- **What the exercise asks**
Leave the images out, and copy each of the records below exactly.

- **Given data**
--- START ---
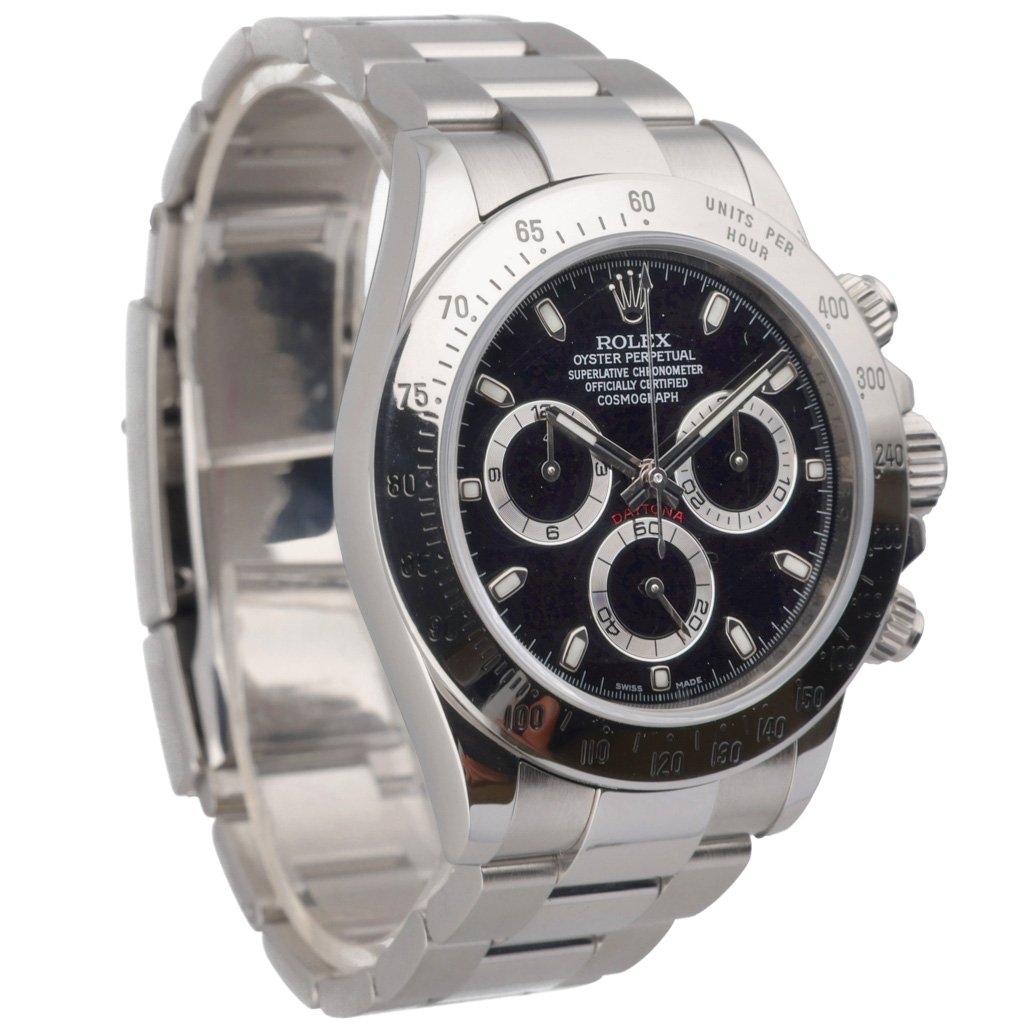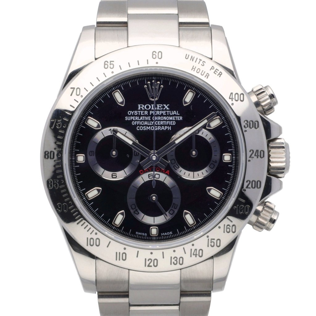 A Rolex Daytona Watch, Stainless Steel with a Black Dial.
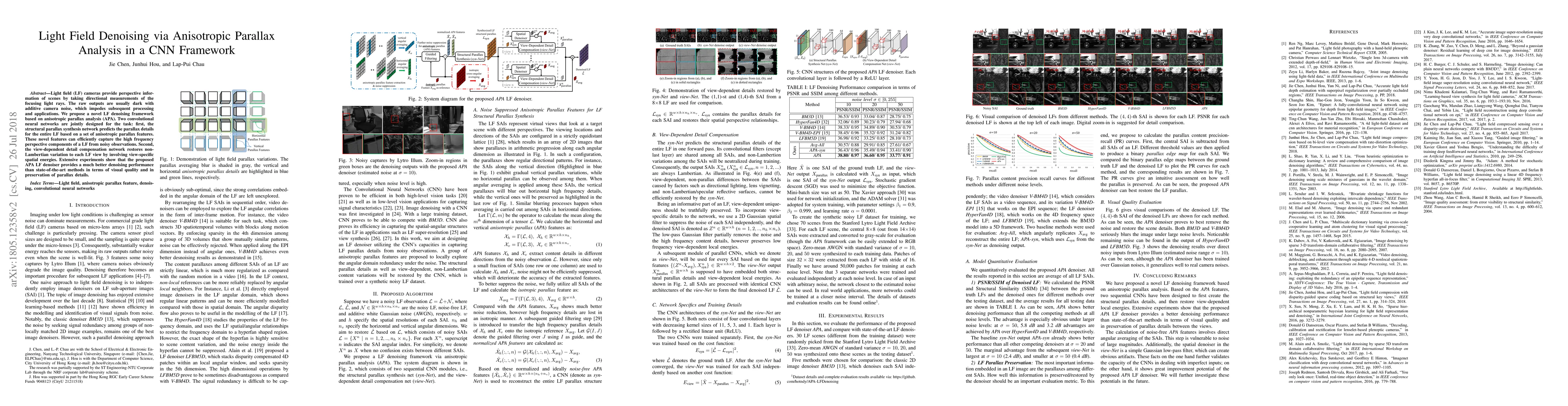 Light field (LF) cameras provide perspective information of scenes by taking directional measurements of the focusing light rays. The raw outputs are usually dark with additive camera noise, which impedes subsequent processing and applications. We propose a novel LF denoising framework based on anisotropic parallax analysis (APA). Two convolutional neural networks are jointly designed for the task: first, the structural parallax synthesis network predicts the parallax details for the entire LF based on a set of anisotropic parallax features. These novel features can efficiently capture the high frequency perspective components of a LF from noisy observations. Second, the view-dependent detail compensation network restores non-Lambertian variation to each LF view by involving view-specific spatial energies. Extensive experiments show that the proposed APA LF denoiser provides a much better denoising performance than state-of-the-art methods in terms of visual quality and in preservation of parallax details.
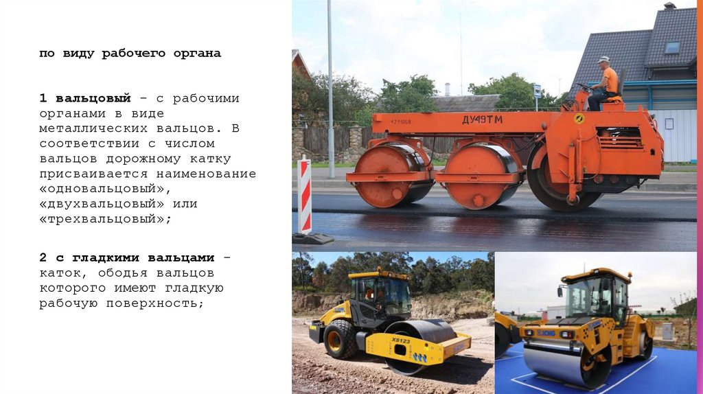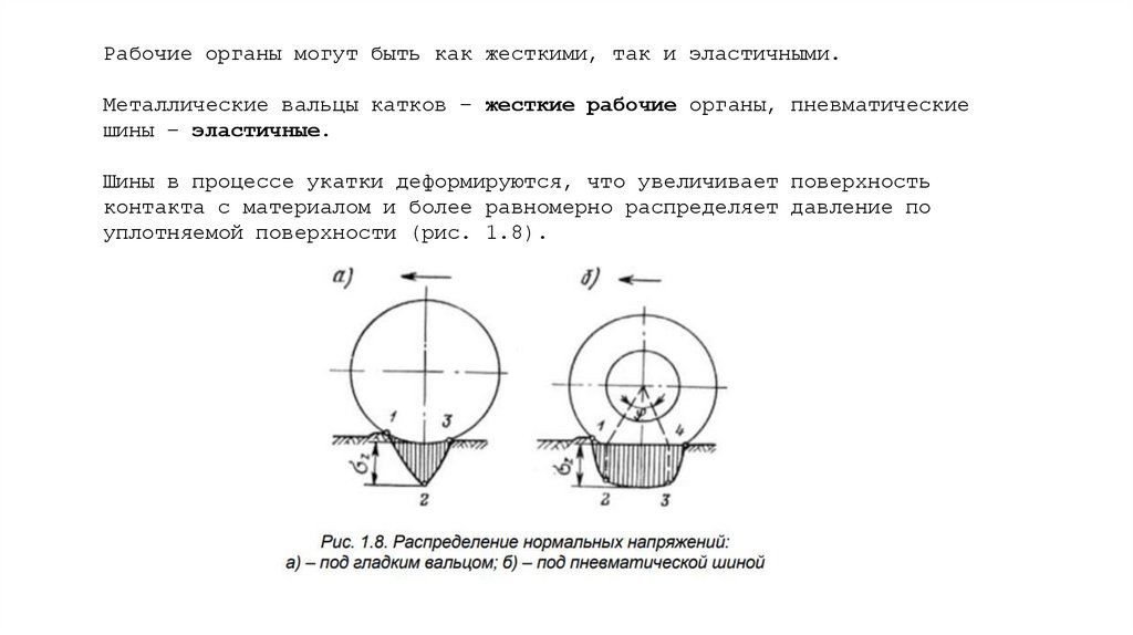 Рабочие органы могут быть как жесткими, так и эластичными.Металлические вальцы катков – жесткие рабочие органы, пневматические
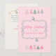 Carte de vacances rose avec ruban festif et arbres
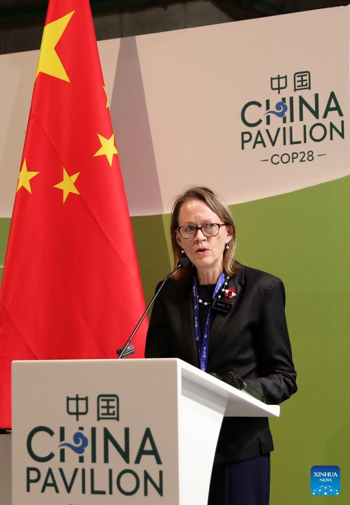 Mary Warlick, deputy executive director of the International Energy Agency, speaks at a side event themed "Jointly Shaping a Resolute Future for Global Energy Transformation" of COP28 ongoing in Dubai, the United Arab Emirates, Dec. 9, 2023. (Xinhua/Wang Dongzhen)
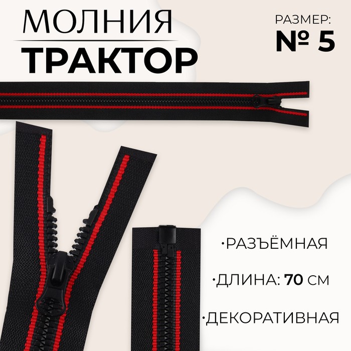 Молния «Трактор», №5, разъёмная, замок автомат, 70 см, чёрная, красная
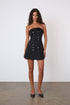 A strapless mini dress, fitted through the bust and waist, kicking out into an A-line silhouette.
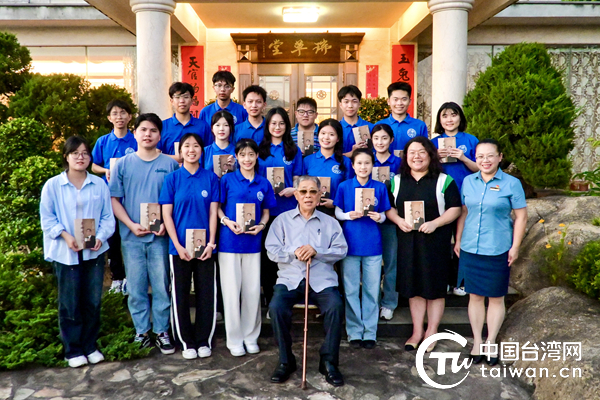 圖為漳州天福茶業(yè)有限公司創(chuàng)始人李瑞河先生為實(shí)踐隊(duì)成員贈(zèng)書并合影留念。(中國(guó)臺(tái)灣網(wǎng)發(fā))
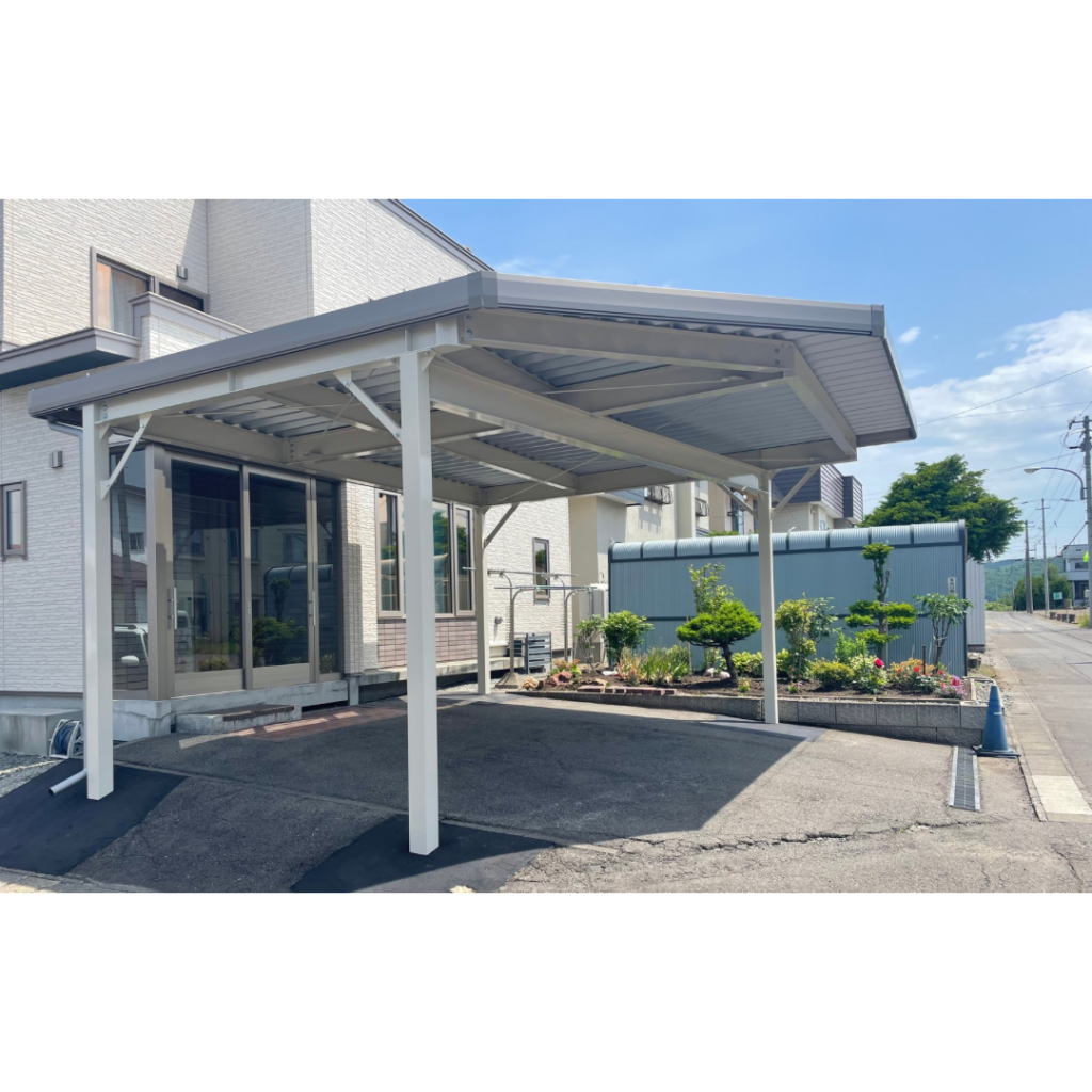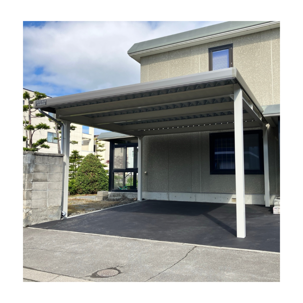 隅切り角地に合わせたカーポート施工!!! 鉄骨塗装色:ホワイトアイボリー アルミ破風:アーバングレー ドレンパイプ:シルバー
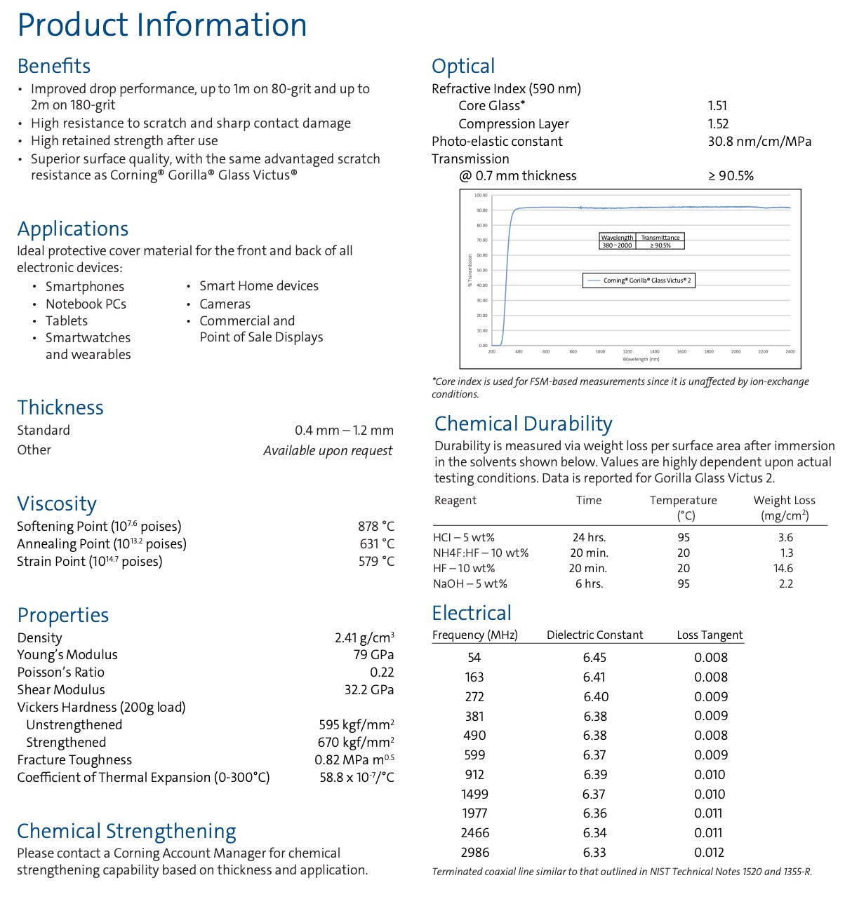 Corning’s Gorilla Glass (Victus® 2) product sheet illustrates a variety of mechanical, optical, chemical, and electrical measurements that are important for consumer device manufacturers:
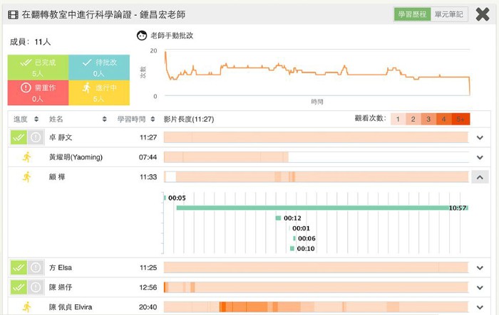 登入頻率?閱讀進度?筆記情形?老師追蹤學生學習進度與成效,對於表現落後的學生進行輔助教學。
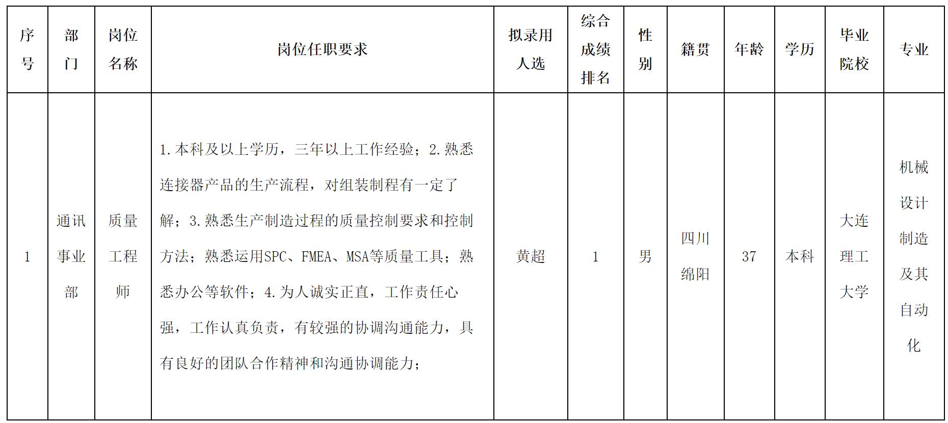 根據(jù)四川華豐科技股份有限公司發(fā)布的招聘公告及招聘相關(guān)規(guī)定,經(jīng)測(cè)試等程序,擬錄用黃超等同志到四川華豐科技股份有限公司工作,現(xiàn)予以公示,具體情況如下:
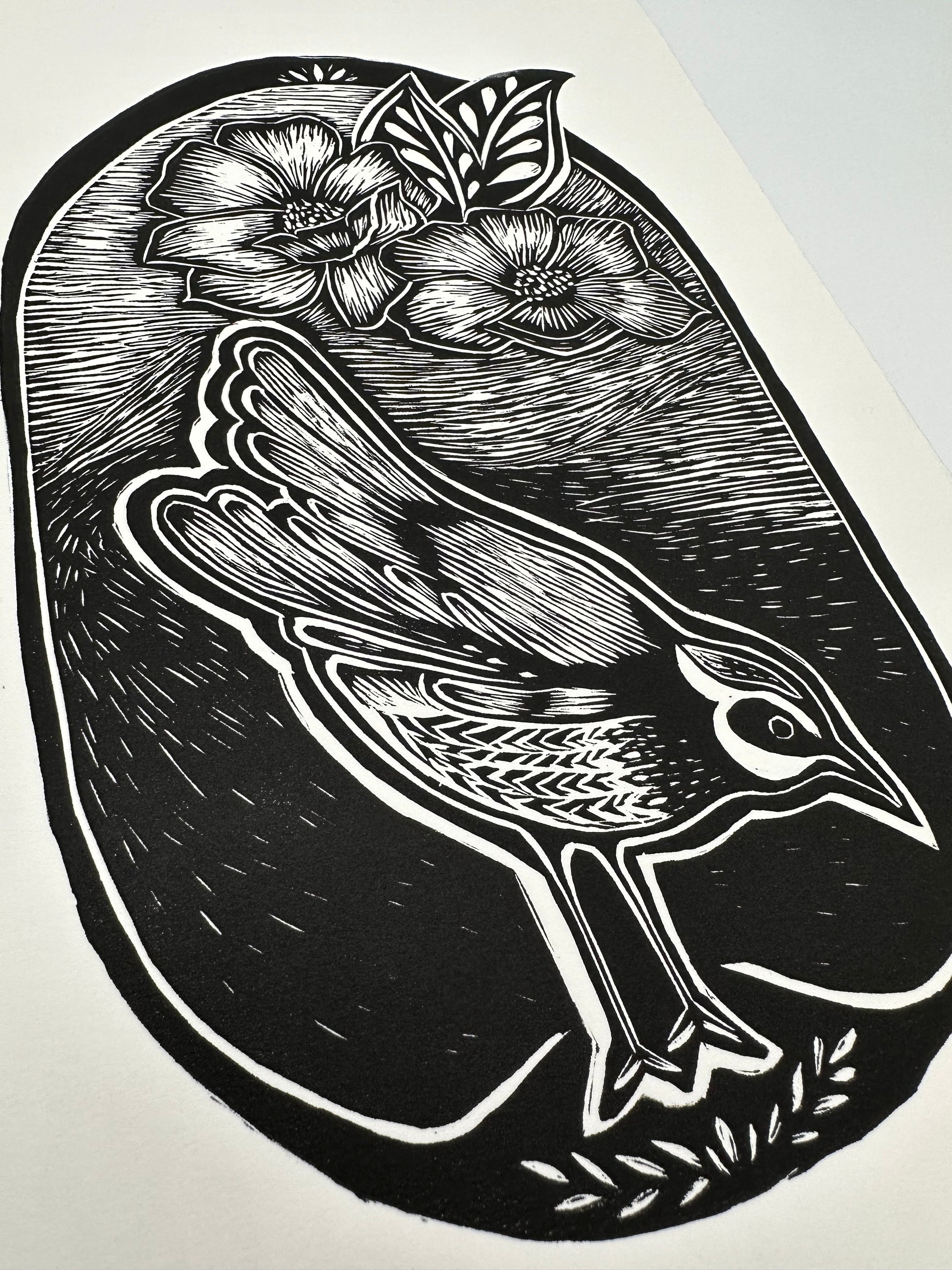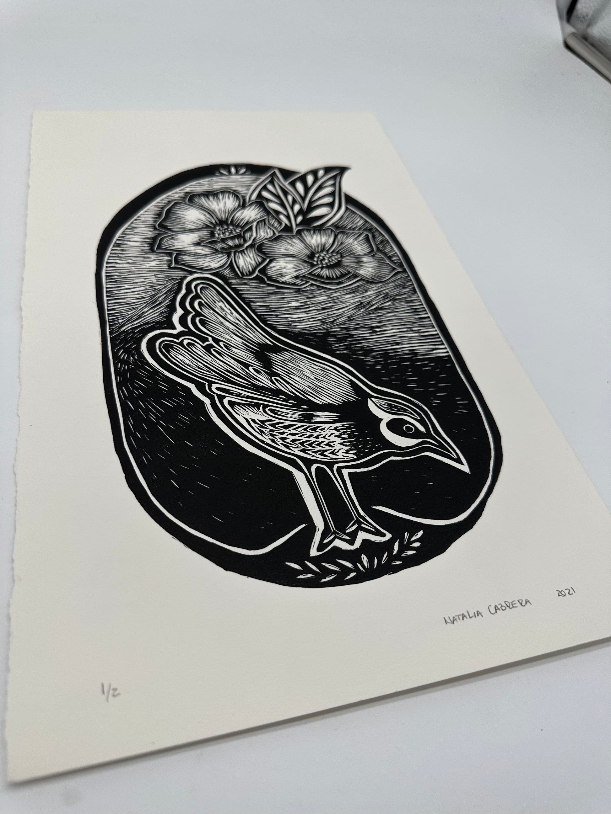Linocut block print by Natalia Cabrera. Chilean artist living in Cusco, Peru.
--- END ---
- **Task result**
 A Rolex Daytona Watch, Stainless Steel with a Black Dial.
 Light field (LF) cameras provide perspective information of scenes by taking directional measurements of the focusing light rays. The raw outputs are usually dark with additive camera noise, which impedes subsequent processing and applications. We propose a novel LF denoising framework based on anisotropic parallax analysis (APA). Two convolutional neural networks are jointly designed for the task: first, the structural parallax synthesis network predicts the parallax details for the entire LF based on a set of anisotropic parallax features. These novel features can efficiently capture the high frequency perspective components of a LF from noisy observations. Second, the view-dependent detail compensation network restores non-Lambertian variation to each LF view by involving view-specific spatial energies. Extensive experiments show that the proposed APA LF denoiser provides a much better denoising performance than state-of-the-art methods in terms of visual quality and in preservation of parallax details.
 Рабочие органы могут быть как жесткими, так и эластичными.Металлические вальцы катков – жесткие рабочие органы, пневматические
 Carte de vacances rose avec ruban festif et arbres
 Mary Warlick, deputy executive director of the International Energy Agency, speaks at a side event themed "Jointly Shaping a Resolute Future for Global Energy Transformation" of COP28 ongoing in Dubai, the United Arab Emirates, Dec. 9, 2023. (Xinhua/Wang Dongzhen)
 Молния «Трактор», №5, разъёмная, замок автомат, 70 см, чёрная, красная
 A strapless mini dress, fitted through the bust and waist, kicking out into an A-line silhouette.
 圖為漳州天福茶業(yè)有限公司創(chuàng)始人李瑞河先生為實(shí)踐隊(duì)成員贈(zèng)書并合影留念。(中國(guó)臺(tái)灣網(wǎng)發(fā))
 隅切り角地に合わせたカーポート施工!!! 鉄骨塗装色:ホワイトアイボリー アルミ破風:アーバングレー ドレンパイプ:シルバー
 Corning’s Gorilla Glass (Victus® 2) product sheet illustrates a variety of mechanical, optical, chemical, and electrical measurements that are important for consumer device manufacturers:
 登入頻率?閱讀進度?筆記情形?老師追蹤學生學習進度與成效,對於表現落後的學生進行輔助教學。
 根據(jù)四川華豐科技股份有限公司發(fā)布的招聘公告及招聘相關(guān)規(guī)定,經(jīng)測(cè)試等程序,擬錄用黃超等同志到四川華豐科技股份有限公司工作,現(xiàn)予以公示,具體情況如下:
Linocut block print by Natalia Cabrera. Chilean artist living in Cusco, Peru.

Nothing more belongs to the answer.